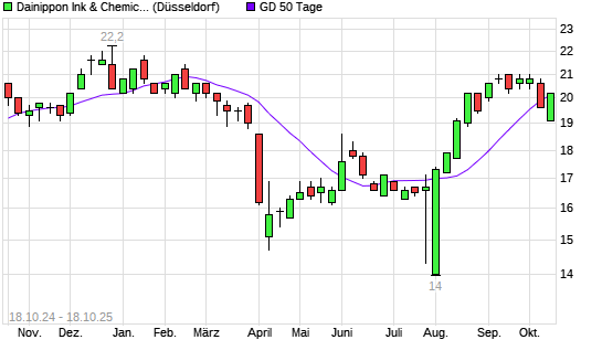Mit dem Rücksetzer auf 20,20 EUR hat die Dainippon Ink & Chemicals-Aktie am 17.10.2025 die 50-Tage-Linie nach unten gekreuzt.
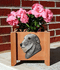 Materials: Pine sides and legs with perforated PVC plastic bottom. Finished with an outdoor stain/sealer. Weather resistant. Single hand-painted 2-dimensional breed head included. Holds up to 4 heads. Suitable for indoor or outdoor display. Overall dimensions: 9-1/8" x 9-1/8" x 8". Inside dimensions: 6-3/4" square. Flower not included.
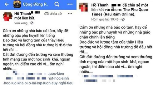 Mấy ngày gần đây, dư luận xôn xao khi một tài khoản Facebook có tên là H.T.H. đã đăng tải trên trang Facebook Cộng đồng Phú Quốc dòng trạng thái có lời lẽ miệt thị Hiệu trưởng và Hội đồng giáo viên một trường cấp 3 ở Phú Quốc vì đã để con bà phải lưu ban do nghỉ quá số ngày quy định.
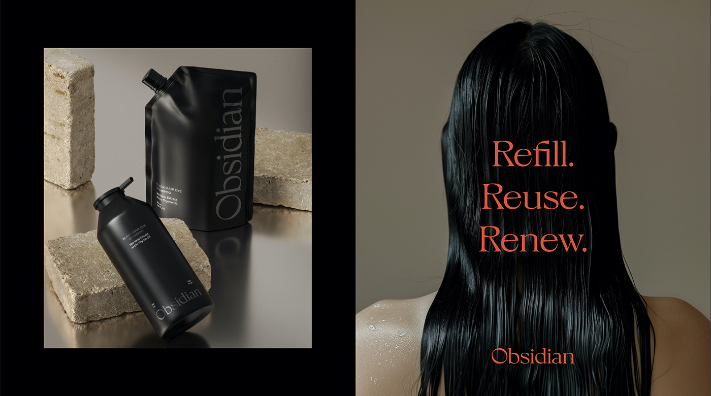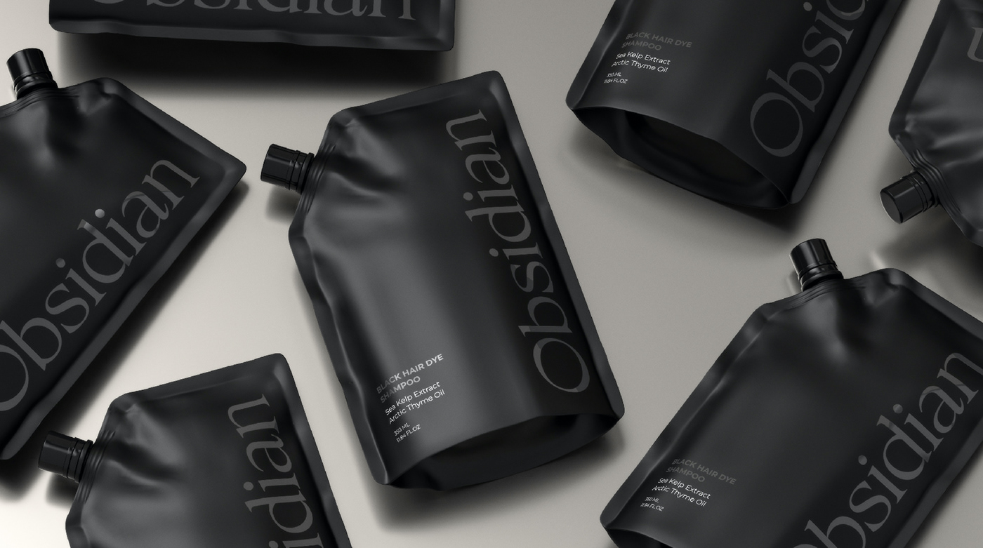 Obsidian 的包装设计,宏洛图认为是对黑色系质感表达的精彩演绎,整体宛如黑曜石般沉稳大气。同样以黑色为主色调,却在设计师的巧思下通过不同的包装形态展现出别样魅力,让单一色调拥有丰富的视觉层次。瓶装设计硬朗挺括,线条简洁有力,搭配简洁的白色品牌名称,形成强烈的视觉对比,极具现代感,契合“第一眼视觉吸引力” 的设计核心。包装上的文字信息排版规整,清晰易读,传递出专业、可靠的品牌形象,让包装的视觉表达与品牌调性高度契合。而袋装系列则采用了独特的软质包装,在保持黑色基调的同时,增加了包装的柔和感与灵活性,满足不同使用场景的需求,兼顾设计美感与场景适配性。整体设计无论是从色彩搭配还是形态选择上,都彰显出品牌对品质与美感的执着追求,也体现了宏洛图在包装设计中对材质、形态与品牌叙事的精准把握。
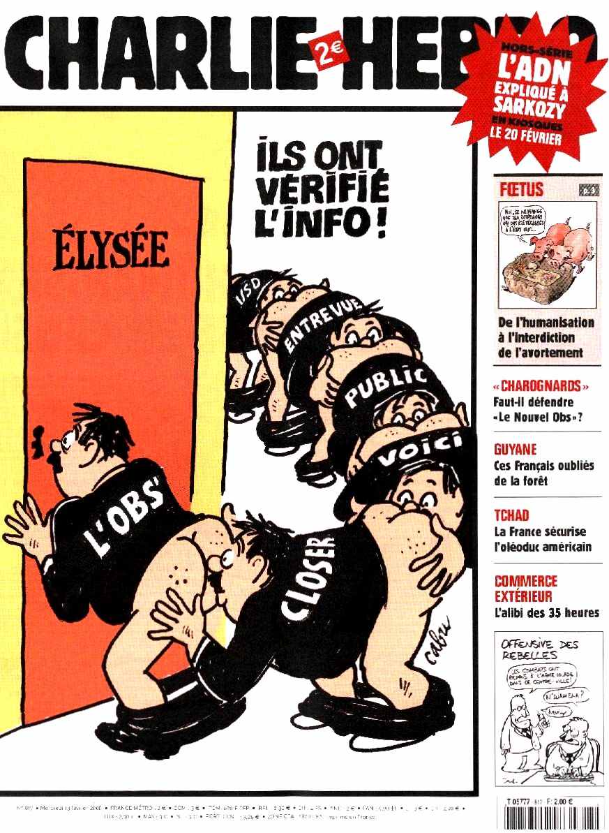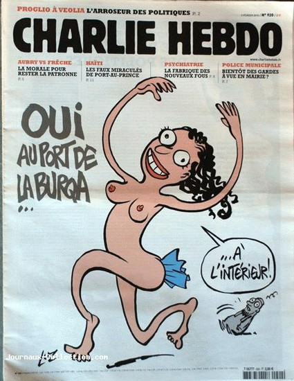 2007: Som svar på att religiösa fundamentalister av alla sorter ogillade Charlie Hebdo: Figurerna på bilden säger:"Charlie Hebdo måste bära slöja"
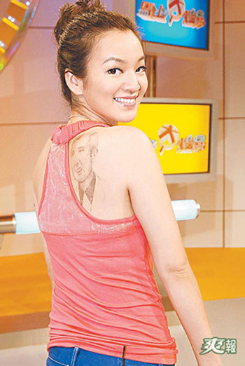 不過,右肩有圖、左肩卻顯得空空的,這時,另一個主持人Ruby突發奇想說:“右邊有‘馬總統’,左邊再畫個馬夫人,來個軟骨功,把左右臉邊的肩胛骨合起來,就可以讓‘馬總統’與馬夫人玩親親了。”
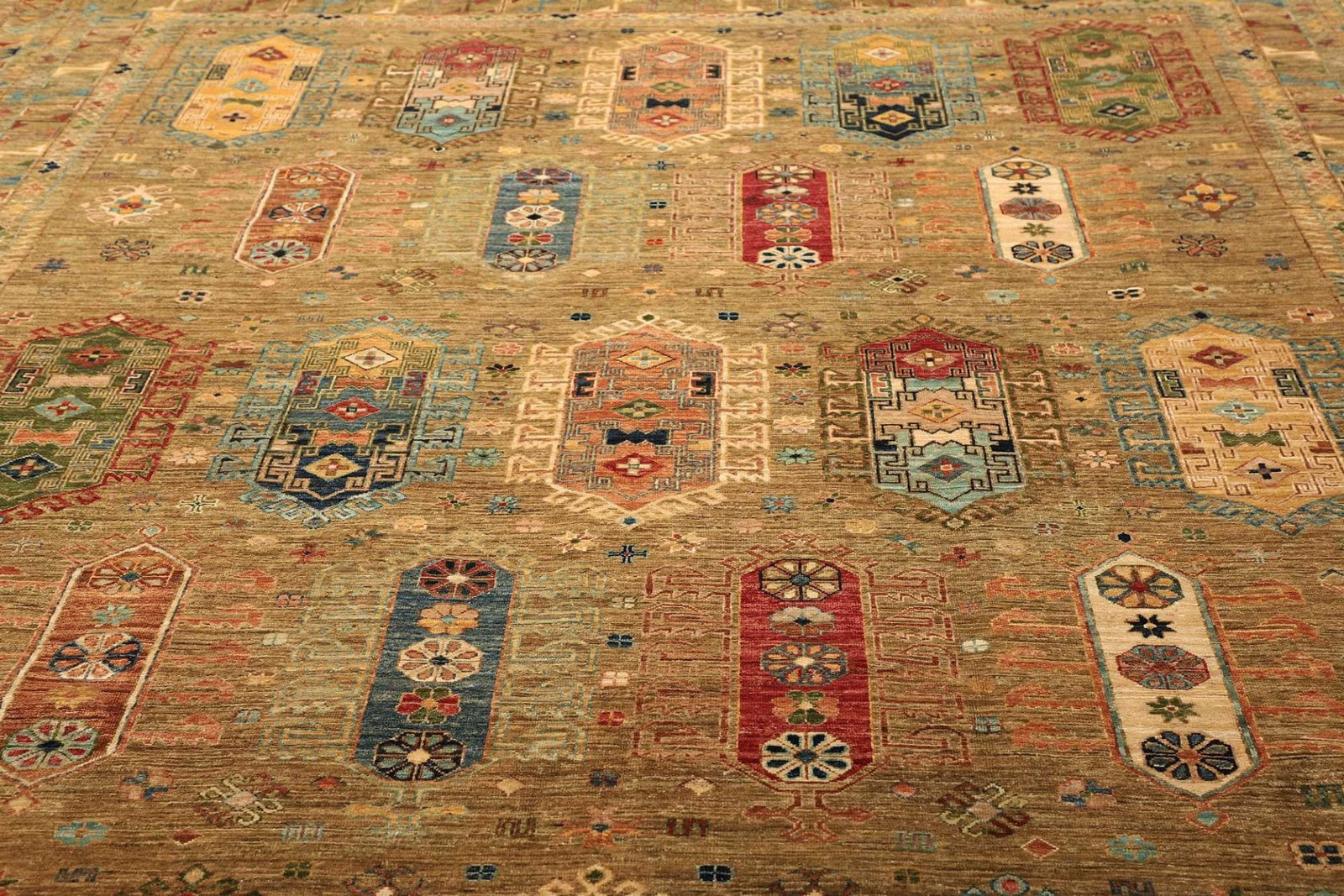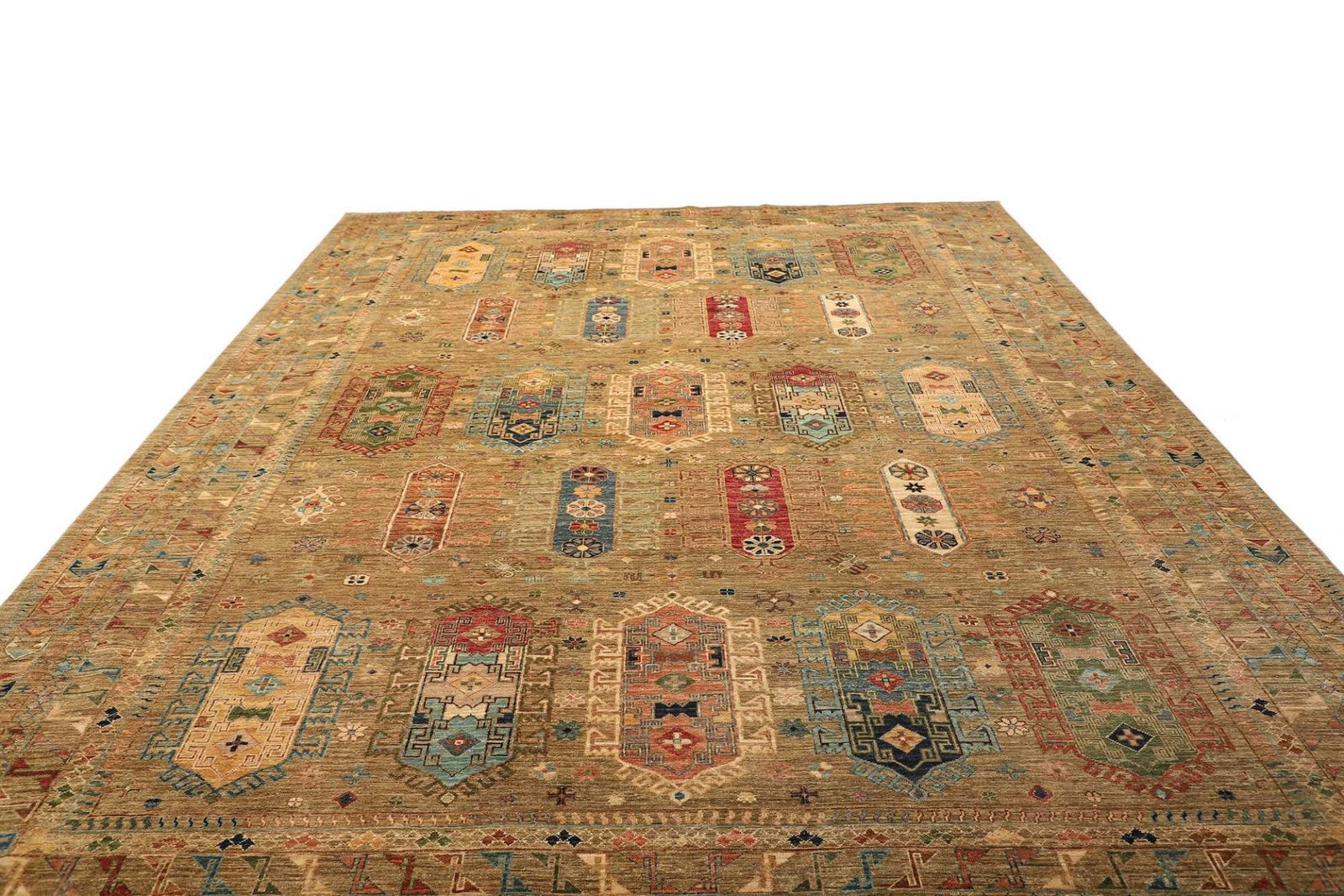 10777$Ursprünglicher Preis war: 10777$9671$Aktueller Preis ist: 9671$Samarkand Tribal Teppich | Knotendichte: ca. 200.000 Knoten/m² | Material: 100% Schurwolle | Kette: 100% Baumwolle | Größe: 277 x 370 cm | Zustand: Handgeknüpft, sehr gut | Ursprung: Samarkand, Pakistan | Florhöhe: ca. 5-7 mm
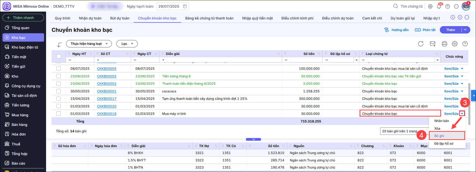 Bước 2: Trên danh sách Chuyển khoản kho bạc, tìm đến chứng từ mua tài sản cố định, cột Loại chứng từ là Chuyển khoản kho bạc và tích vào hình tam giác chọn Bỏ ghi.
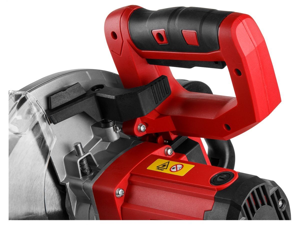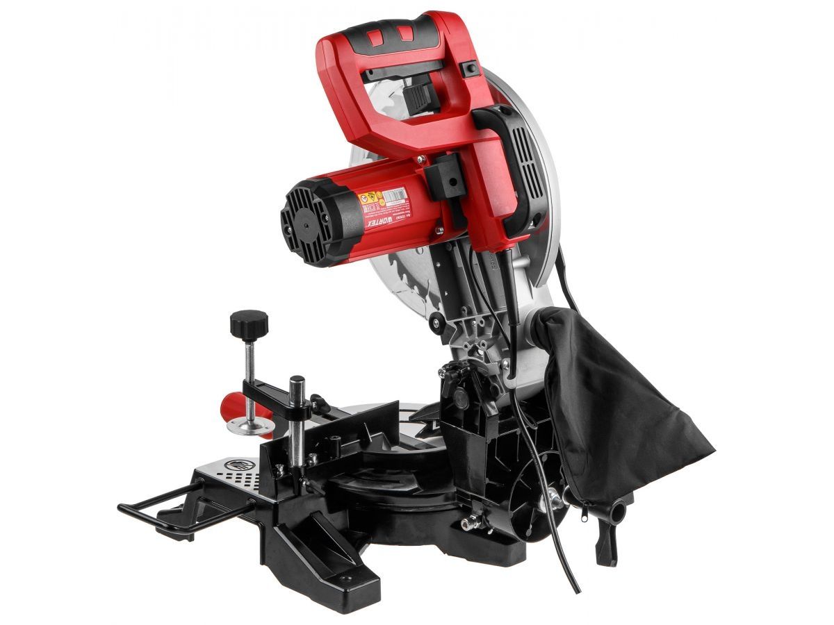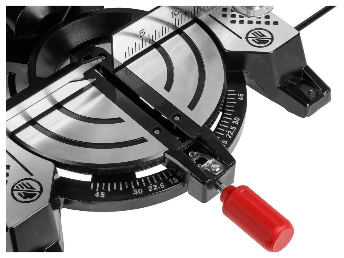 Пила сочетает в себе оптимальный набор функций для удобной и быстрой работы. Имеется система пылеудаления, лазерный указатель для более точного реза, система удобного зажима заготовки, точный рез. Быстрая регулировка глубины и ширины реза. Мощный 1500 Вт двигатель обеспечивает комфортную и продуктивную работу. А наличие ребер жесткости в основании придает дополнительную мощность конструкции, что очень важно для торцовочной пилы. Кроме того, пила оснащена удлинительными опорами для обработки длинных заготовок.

● **WHAT THE TASK ASKS**: Reproduce exactly, without any picture, the lines from the one bearing "10777$Ursprünglicher Preis war: 10777$9671$Aktueller" to the last line of the records above.

● **ANSWER TO THIS TASK**:
 10777$Ursprünglicher Preis war: 10777$9671$Aktueller Preis ist: 9671$Samarkand Tribal Teppich | Knotendichte: ca. 200.000 Knoten/m² | Material: 100% Schurwolle | Kette: 100% Baumwolle | Größe: 277 x 370 cm | Zustand: Handgeknüpft, sehr gut | Ursprung: Samarkand, Pakistan | Florhöhe: ca. 5-7 mm
 Bước 2: Trên danh sách Chuyển khoản kho bạc, tìm đến chứng từ mua tài sản cố định, cột Loại chứng từ là Chuyển khoản kho bạc và tích vào hình tam giác chọn Bỏ ghi.
 Пила сочетает в себе оптимальный набор функций для удобной и быстрой работы. Имеется система пылеудаления, лазерный указатель для более точного реза, система удобного зажима заготовки, точный рез. Быстрая регулировка глубины и ширины реза. Мощный 1500 Вт двигатель обеспечивает комфортную и продуктивную работу. А наличие ребер жесткости в основании придает дополнительную мощность конструкции, что очень важно для торцовочной пилы. Кроме того, пила оснащена удлинительными опорами для обработки длинных заготовок.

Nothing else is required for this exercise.